При этом Троцкий не только одарён как оратор, но и чрезвычайно хорошо излагает свои мысли на бумаге. Особое место в его статьях и прочих работах занимает литература: Россия пока ещё литературоцентричная страна, и упускать литературу из своих рук никто из большевиков не намерен.
Есть целая книга Троцкого, изданная в 1924 году, что так и называется «Литература и революция». Книга эта переиздавалась — как неоднократно на Западе, так и в 1991 году у нас.
Это, по сути, сборник добротных статей Троцкого в качестве литературного критика.
Есть среди этих работ и статья о формальном методе.
Так вот, Троцкий пишет в статье «Формальная школа поэзии и марксизм»:
«Виктор Шкловский — теоретик футуризма, в то же время глава формальной школы. По его теории, искусство всегда было творчеством самодовлеющих чистых форм, а футуризм это впервые осознал. Таким образом, футуризм есть первое в истории сознательное искусство, а формальная школа есть первая научная школа искусства. Усилиями Шкловского — заслуга не маленькая! — теория искусства, а отчасти и само искусство из состояния алхимии переведены наконец на положение химии. Провозвестник формальной школы, первый химик искусства, даёт попутно несколько дружественных шлепков тем футуристам-„соглашателям“, которые ищут мост к революции и пытаются его найти в теории исторического материализма. В таком мосте нет надобности: футуризм сам себе довлеет.
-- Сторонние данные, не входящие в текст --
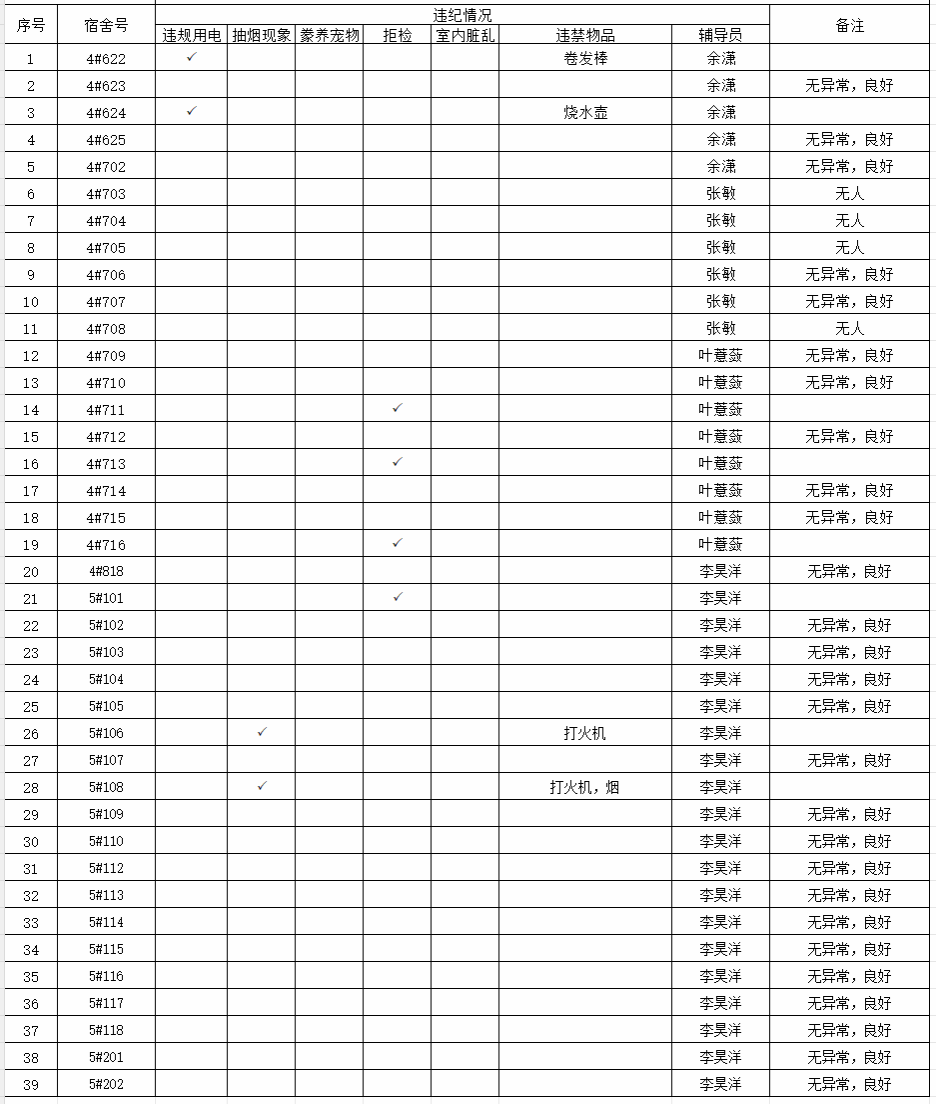 在本周的宿舍抽查情况中,发现部分宿舍持有香烟、打火机等违规物品,上述违纪行为已通知相关辅导员进行督促整改。请同学们引以为戒,养成“日产日清”的习惯,及时清理垃圾,避免长时间堆放;自觉遵守相关校规校纪,共同维护校园秩序。

Остановиться на школе формализма приходится по двум причинам. Во-первых, ради неё самой: при всей поверхностности и реакционности формалистской теории искусства известная часть изыскательской работы формалистов вполне полезна. Во-вторых, ради футуризма: как ни неосновательны претензии футуристов на монопольное представительство нового искусства, но из процесса подготовки искусства будущего футуризма не выкинешь».